Every time the calendar flips from one year to the next, many folks take time to reflect, plan, and goal-set. A new trend emerged in recent years of choosing a word for the New Year. It seems the folks many of us reference on a regular basis took time to choose a word, too – those at Merriman-Webster. The dictionary gurus deemed “-ism” as the word that defined 2015.
As Student Affairs professionals, this suffix is an important part of our everyday language. We are faced with and talk about racism, sexism, feminism, capitalism, terrorism, ageism, and other –isms each day on our campuses. It could happen even more than ever as we enter into this Presidential election year.
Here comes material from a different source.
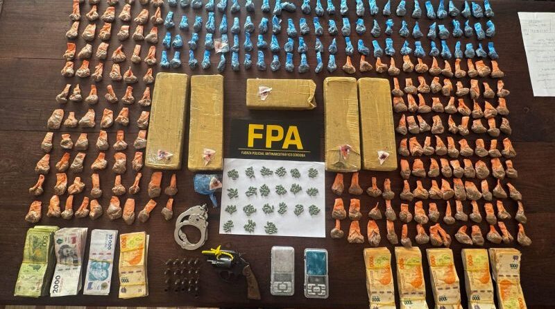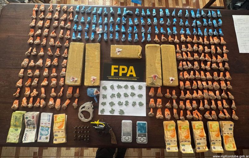 El operativo tuvo lugar en dos viviendas ubicadas en Pasaje s/n del barrio Barranca Yaco, de la capital cordobesa. Durante el dispositivo los oficiales de la Fuerza detuvieron a una mujer (18) y un hombre (32). En los registros de los domicilios, los investigadores incautaron 7412 dosis de marihuana, 17 de cocaína, 228 pastillas, un revólver, 17 cartuchos, dos balanzas, esposas, dinero ($1.161.000) y elementos relacionados al fraccionamiento de sustancias ilícitas.

While many of us may wish we truly did live in a post-racial society or didn’t need to have/facilitate challenging conversations about social injustice, oppression, and micro-aggressions, unfortunately there doesn’t seem to be an end in sight. That being said, using –ism as our guide, perhaps we use 2016 as a time to not only educate our students but also ourselves.
Sadly many of us have been on the receiving end of negative treatment due to one or more –ism. Our experiences provide us language to talk about the –ism(s) we embody and/or face. However, there may not be one person in the world who is well versed on all of the –isms. There’s nothing wrong with the lists and goals we’ve already set for 2016. But maybe since we are in the business of educating, we can each take a minute to add one thing to our lists – learn about something you don’t identify with. Become better versed in an –ism that hasn’t and may not ever directly affect you, but can very likely affect someone who may walk through your office door tomorrow.
This additional goal may just prove to be the best one on your list.